**Description of the task**
Each line of the data is to be output verbatim, with the images removed.

### Data to process ###

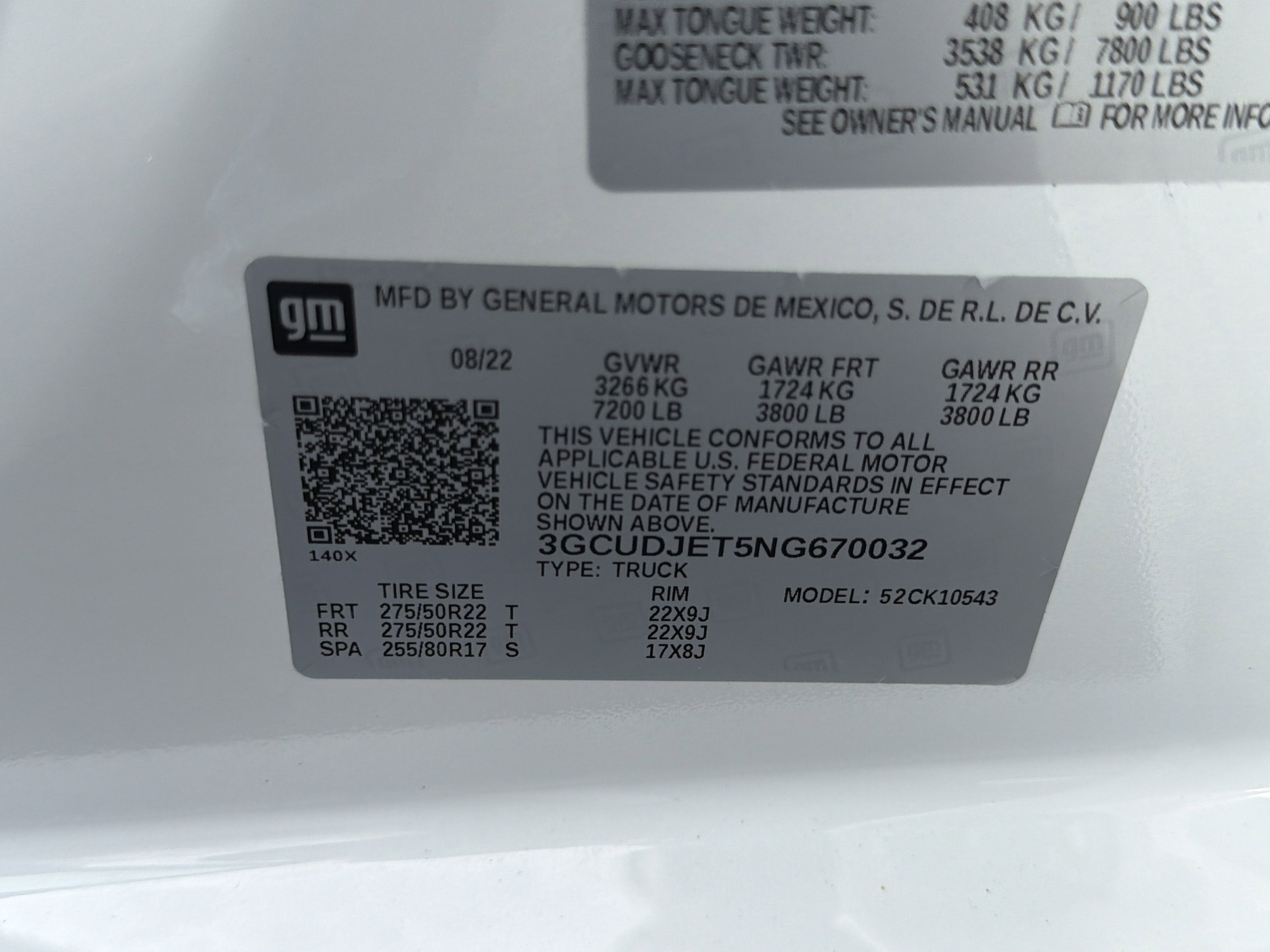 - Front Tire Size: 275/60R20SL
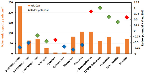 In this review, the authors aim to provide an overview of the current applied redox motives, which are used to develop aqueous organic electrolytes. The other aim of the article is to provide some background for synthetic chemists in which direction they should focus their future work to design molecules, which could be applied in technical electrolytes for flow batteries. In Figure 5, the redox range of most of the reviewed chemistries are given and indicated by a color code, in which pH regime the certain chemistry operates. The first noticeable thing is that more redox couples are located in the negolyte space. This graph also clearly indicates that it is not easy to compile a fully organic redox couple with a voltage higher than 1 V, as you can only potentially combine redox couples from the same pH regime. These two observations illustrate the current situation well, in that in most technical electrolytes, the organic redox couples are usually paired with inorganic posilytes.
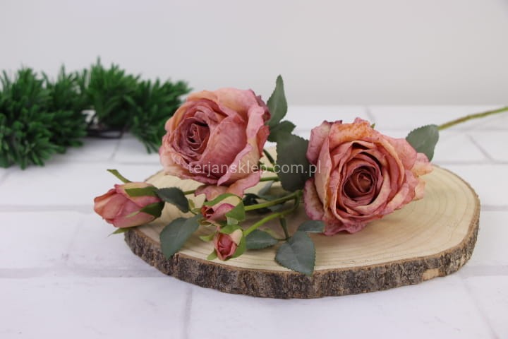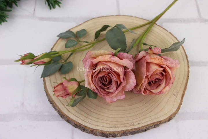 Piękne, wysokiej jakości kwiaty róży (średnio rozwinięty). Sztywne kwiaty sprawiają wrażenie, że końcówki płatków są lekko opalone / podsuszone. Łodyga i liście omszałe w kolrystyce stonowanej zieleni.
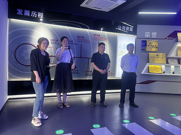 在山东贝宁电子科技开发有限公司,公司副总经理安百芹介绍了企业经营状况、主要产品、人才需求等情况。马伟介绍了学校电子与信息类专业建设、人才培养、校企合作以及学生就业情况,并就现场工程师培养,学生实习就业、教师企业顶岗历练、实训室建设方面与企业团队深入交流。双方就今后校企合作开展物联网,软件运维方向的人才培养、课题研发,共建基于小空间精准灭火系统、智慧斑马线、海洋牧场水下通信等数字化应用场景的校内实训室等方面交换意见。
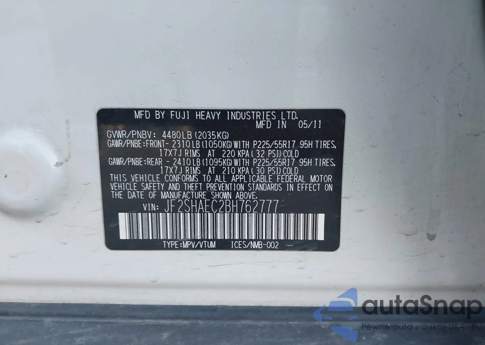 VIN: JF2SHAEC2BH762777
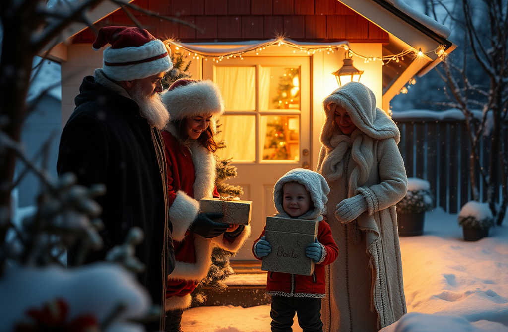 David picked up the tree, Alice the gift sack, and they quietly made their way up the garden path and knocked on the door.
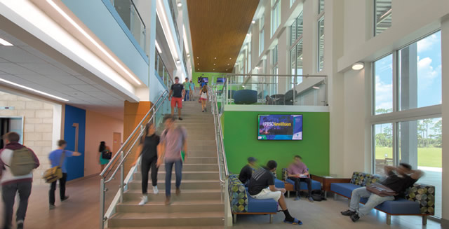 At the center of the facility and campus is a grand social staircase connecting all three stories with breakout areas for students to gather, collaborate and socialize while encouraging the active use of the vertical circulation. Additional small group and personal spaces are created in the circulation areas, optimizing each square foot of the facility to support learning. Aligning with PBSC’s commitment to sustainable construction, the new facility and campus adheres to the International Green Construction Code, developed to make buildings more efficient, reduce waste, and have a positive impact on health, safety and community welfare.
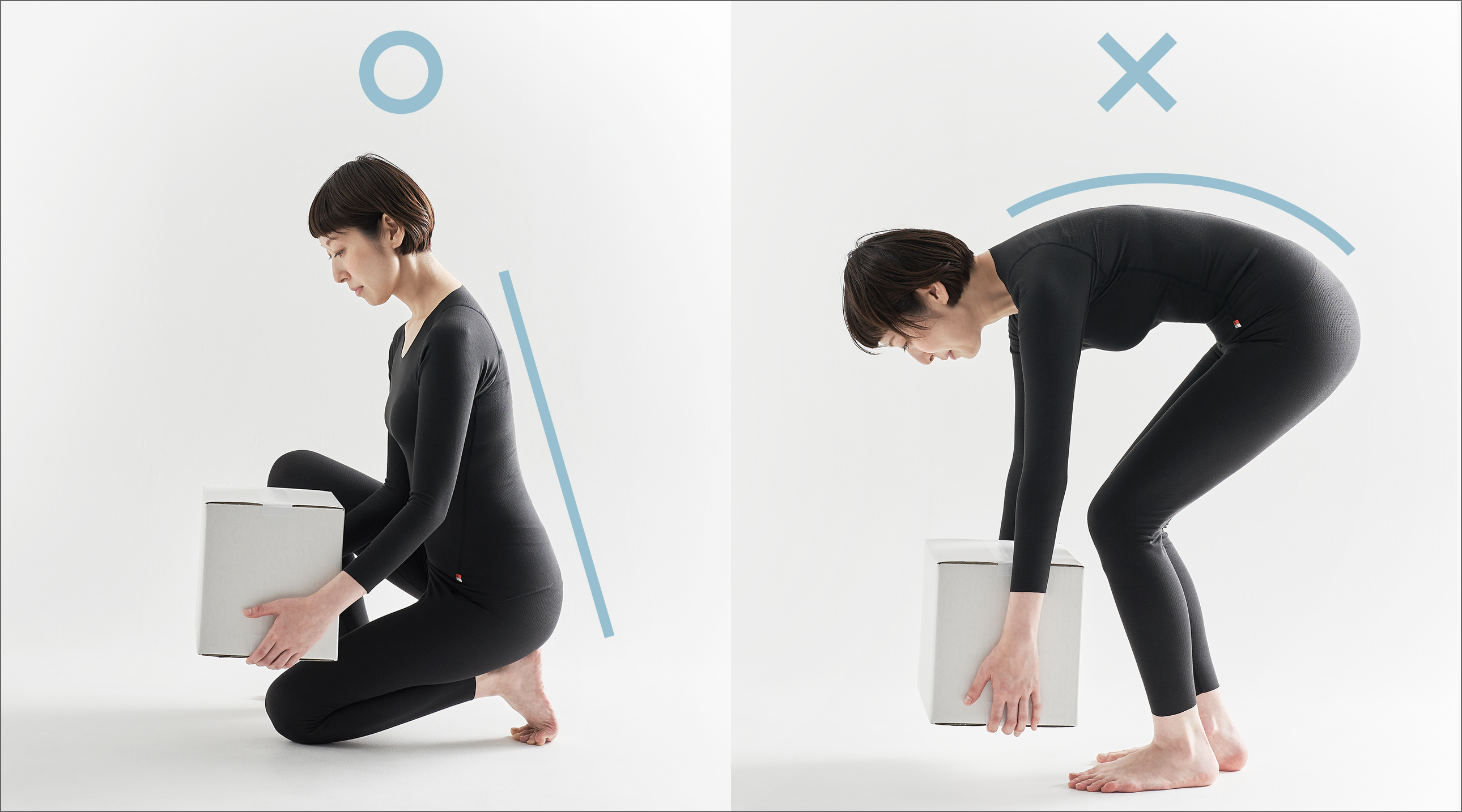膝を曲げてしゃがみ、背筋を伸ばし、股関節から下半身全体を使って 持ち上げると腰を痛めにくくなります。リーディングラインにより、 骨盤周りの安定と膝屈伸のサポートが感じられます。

###

**Your solution**
 - Front Tire Size: 275/60R20SL
 In this review, the authors aim to provide an overview of the current applied redox motives, which are used to develop aqueous organic electrolytes. The other aim of the article is to provide some background for synthetic chemists in which direction they should focus their future work to design molecules, which could be applied in technical electrolytes for flow batteries. In Figure 5, the redox range of most of the reviewed chemistries are given and indicated by a color code, in which pH regime the certain chemistry operates. The first noticeable thing is that more redox couples are located in the negolyte space. This graph also clearly indicates that it is not easy to compile a fully organic redox couple with a voltage higher than 1 V, as you can only potentially combine redox couples from the same pH regime. These two observations illustrate the current situation well, in that in most technical electrolytes, the organic redox couples are usually paired with inorganic posilytes.
 Piękne, wysokiej jakości kwiaty róży (średnio rozwinięty). Sztywne kwiaty sprawiają wrażenie, że końcówki płatków są lekko opalone / podsuszone. Łodyga i liście omszałe w kolrystyce stonowanej zieleni.
 在山东贝宁电子科技开发有限公司,公司副总经理安百芹介绍了企业经营状况、主要产品、人才需求等情况。马伟介绍了学校电子与信息类专业建设、人才培养、校企合作以及学生就业情况,并就现场工程师培养,学生实习就业、教师企业顶岗历练、实训室建设方面与企业团队深入交流。双方就今后校企合作开展物联网,软件运维方向的人才培养、课题研发,共建基于小空间精准灭火系统、智慧斑马线、海洋牧场水下通信等数字化应用场景的校内实训室等方面交换意见。
 VIN: JF2SHAEC2BH762777
 David picked up the tree, Alice the gift sack, and they quietly made their way up the garden path and knocked on the door.
 At the center of the facility and campus is a grand social staircase connecting all three stories with breakout areas for students to gather, collaborate and socialize while encouraging the active use of the vertical circulation. Additional small group and personal spaces are created in the circulation areas, optimizing each square foot of the facility to support learning. Aligning with PBSC’s commitment to sustainable construction, the new facility and campus adheres to the International Green Construction Code, developed to make buildings more efficient, reduce waste, and have a positive impact on health, safety and community welfare.
膝を曲げてしゃがみ、背筋を伸ばし、股関節から下半身全体を使って 持ち上げると腰を痛めにくくなります。リーディングラインにより、 骨盤周りの安定と膝屈伸のサポートが感じられます。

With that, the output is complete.